I managed to compute gradients, hessians etc on the gpu using a callback subclass in python. I was trying to use the callbacks thus defined to solve an optimization using the nlpsol class.

I have defined three callbacks one to calculate the objective, gradient and hessian respectively. I verified that all three return correct results for numerical evaluation.

Now to setup the nlp problem, I called the objective callback with a symbolic input.

x = cs.SX.sym('x',2,6)
y = cs.SX.sym('y',2,6)
objcl = objective.clcallback(x,y)   # the objective is a real valued function

nlp = { 'f': objcl, 'x': cs.reshape(y,1,-1), 'p': cs.reshape(x,1,-1) }

opts = {}
opts["ipopt.warm_start_init_point"] = "yes";
optimizer = casadi.nlpsol('solver','ipopt',nlp,opts)

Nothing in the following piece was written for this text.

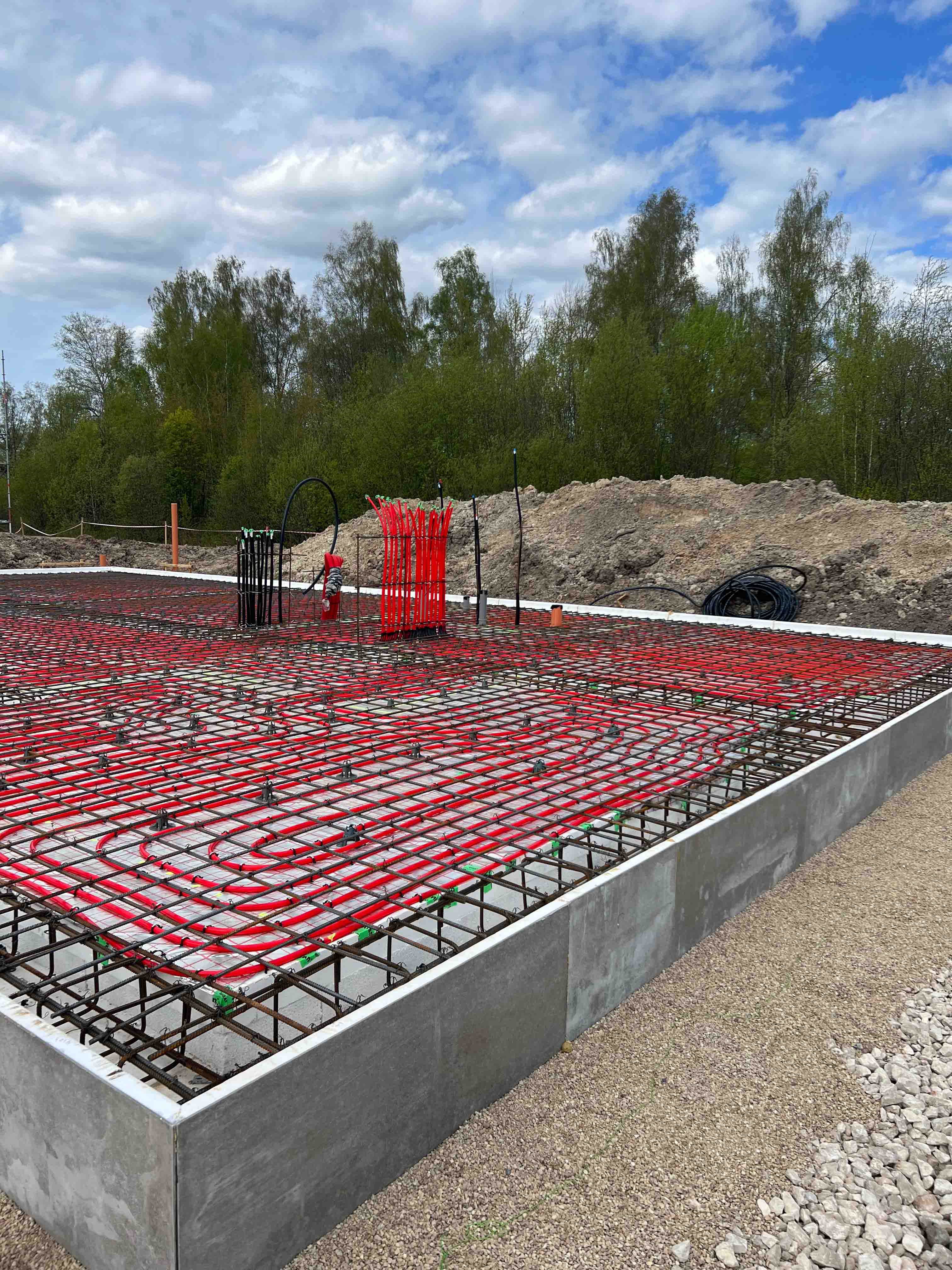 Izrietot no šī tiek aprēķināts precīzs nepieciešamais pamatu stiegrojums gan plātnes daļai, gan nesošo sienu padziļinājumiem.
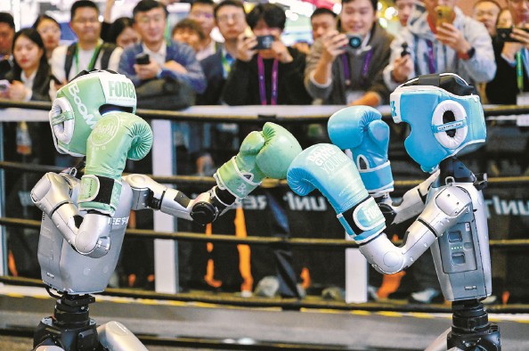 在第八届进博会宇树科技展台,人形机器人进行格斗表演 新华社 发

At this point I get an error in the creation of optimizer:


RuntimeError
: .../casadi/core/function_internal.cpp:123: Error calling IpoptInterface::init for 'solver':

Error in Function::factory for 'nlp' [MXFunction] at .../casadi/core/function.cpp:1348:

Failed to create nlp_grad_f:[x, p]->[f, grad:f:x] with {}:

.../casadi/core/factory.hpp:340: Gradient generation failed:

.../casadi/core/function_internal.cpp:1601: Assertion "ret.n_in()==n_in_ + n_out_" failed:

Notify the CasADi developers.


I dont get what is going wrong with the callback exactly. Am I supposed to return the function and the function gradient as output from my callback?
Currently my callbacks have the following two functions to help with the jacobian computation.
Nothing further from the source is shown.